Optical Localization to 0.1mm? No problemo!

Quick recap, “the mission”: we want to build an affordable open source industry quality robot arm. We think we can make it out of low quality components but stick an accurate sensor on the end effector (the ‘hand’) and sidestep the huge costs of precision mechanical components. Web cams are cheap, and people already own computers capable of the required visual processing, so we think that optical localization is a better strategy for many applications that researchers, entrepreneurs and engineers might like to do – if we can get the optical localization accurate enough.

Last time we calibrated our £18 Microsoft LiveCam 3000, and experimented using Vision Visp’s moving edge tracker. We found that the moving edge required a highly accurate object and we could not build one to the 0.1mm accuracy target we set ourselves. Furthermore, the actual moving edge tracker was not particularly CPU friendly, so we decided to pursue a different strategy this time.

Estimating Camera-to-World

Vision Visp also comes with another tracker called the Dot2 tracker. This looks for ellipse blobs in the camera feed. The strategy for using this kind of tracking is to print a known pattern of circles on a piece of paper, fix the paper to the flattest object you can find, detect the dots and work out the transformation between the camera’s pixel space, and the 2D coordinate system of the paper. In this experiment we want to determine the accuracy of this dot tracking approach.

With the moving edge tracker we were able to find a transform between image space and the real world (three translation and three rotation degrees of freedom). With the dot tracker, because the dots are located on a plane, this is not possible. We can only determine the “homography matrix”, which is a linear transform between two “homogeneous” coordinate spaces (2D coordinate systems in this case). Simply put, we can’t tell the difference between the camera having a wide field of view VS. the piece of paper being far away from the camera. However, this not an issue in this experiment.

If you want to brush up on the details of homogeneous coordinate and homography matrices you can find everything you need to know at here and here. Essentially, we change screen coordinates from (i,j) to (i,j,1) and model coordinates from (x,y) to (x,y,1) to make them homogeneous. Then the homography matrix estimation is just computing a 3×3 matrix that converts between them. Once you have that matrix you can convert between the two coordinate system easy peasy using matrix multiplication (remembering to divide by a constant to get the result back to (j,k,1) format).

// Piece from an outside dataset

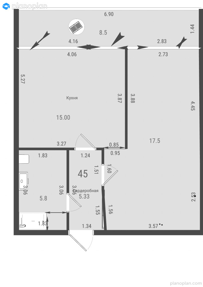 - большая кухня-гостиная 15кв.м.

Actually calculating the homography matrix is a little fiddly, but luckily it’s all in the OpenCV library (thanks!). You only need a set of 4 screen coordinates and 4 model coordinates to uniquely determine the homography matrix. However, if you have more than 4 sets you can “average” the results to get a homography matrix that fits them all as best it can. This is also in OpenCV but, in fact, the library goes further. OpenCV also provides a robust method of estimating the homography matrix:

void cvFindHomography(srcPoints,dstPoints,H_passback, method=0, mask_passback)

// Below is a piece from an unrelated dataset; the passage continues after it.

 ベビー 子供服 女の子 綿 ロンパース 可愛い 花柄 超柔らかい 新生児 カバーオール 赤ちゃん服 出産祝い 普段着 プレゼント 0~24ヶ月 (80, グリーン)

If the method parameter is set to CV_LMEDS, any screen-model coordinate pairs that do not fit the (estimated) homography transformation very well are ignored and have no effect on the homography estimation (and the rejected outliers are reported in the maskPassback). This is
exceedingly useful if, for example, you are getting screen coordinates from a tracker that has gone haywire (maybe the object it’s tracking was occluded for example). Bad points will not affect the estimation results, and you can work out which points are misbehaving.

So for our experiments we wrote a piece of software revolving around Vision Visp’s dot2 trackers and OpenCV’s robust homography matrix estimation method. We used a 6×6 grid pattern of dots fixed to a piece of wood, and attempted to track the dots in real time from the camera feed, and estimate the homography matrix using the detected dots in the image and the corresponding dots in the (known) grid pattern.

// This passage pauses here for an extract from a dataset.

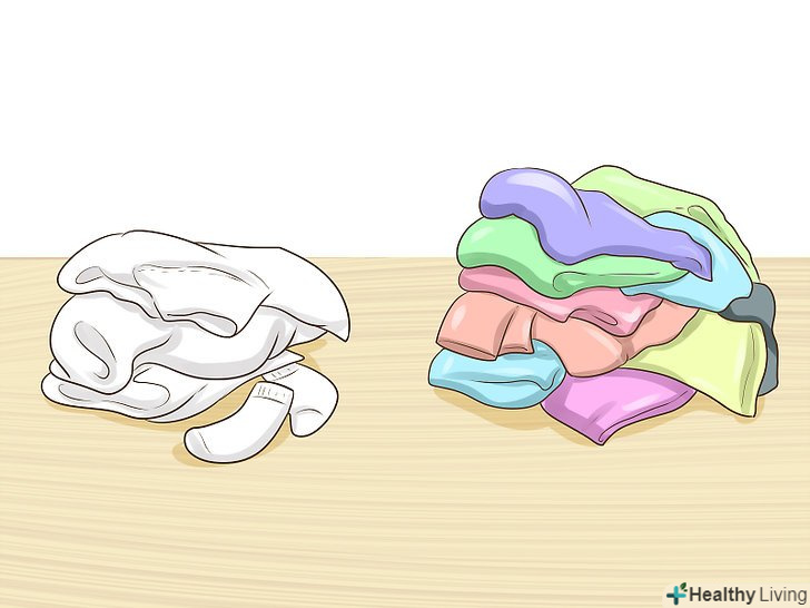 Розділіть білі та кольорові речі. можна навіть відокремити більш забруднені білі речі, наприклад нижню білизну і шкарпетки, від іншого білого одягу, такий як класичні сорочки, блузи тощо. Як би там не було, це абсолютно обов'язкова міра. [4]- Хоча у вас може виникнути бажання об'єднати білий одяг зі світлими або навіть світло-сірими речами, не робіть цього.

Our software was initialized with the position of the 36 dots in the image (using Vision Visp’s inbuilt calibration GUI). From then on, our algorithm proceeded as follows:

  1. Estimate the homography matrix robustly, making note of any outliers.
  2. Use this homography matrix to predict the expected position of the outliers on the screen given their known position on the paper
  3. Reinitialize the trackers on the screen using their expected position.
  4. Repeat with next frame.

This meant that if dot tracking was derailed by a shadow, a change of light or a fast movement etc, the tracking would be regenerated as long as there were enough good trackers still active (out of the 6×6 = 36 options). This tracker regeneration worked remarkably well and loss of tracking was no longer a problem.

Estimating Accuracy

For our experiments we decided to test the ability of the system to detect lateral movements of the camera. These are the degrees of freedom the homography matrix will estimate best due to the viewing geometry. For a robot arm application, we could place several cameras at 90 angles to one in order to get the best in all dimensions.

Our mechanical challenge for the experiment was to build a test platform that could precisely move the camera a measurable distance at an accuracy of 0.1mm. The major cause of inaccuracy in mechanisms is “play” or “backlash”. That’s that feeling of give when you rotate a crank, and it feels momentarily weightless when you reverse direction. This is cause by empty spaces between all the physical components having to be traversed before all the components are rigidly in contact with one another again. You can remove it by using tension in a constant direction which keeps everything engaged (a.k.a. preloading). With thoughtful design and a dollop of trial-and-error, even Lego can be turned into a precision system!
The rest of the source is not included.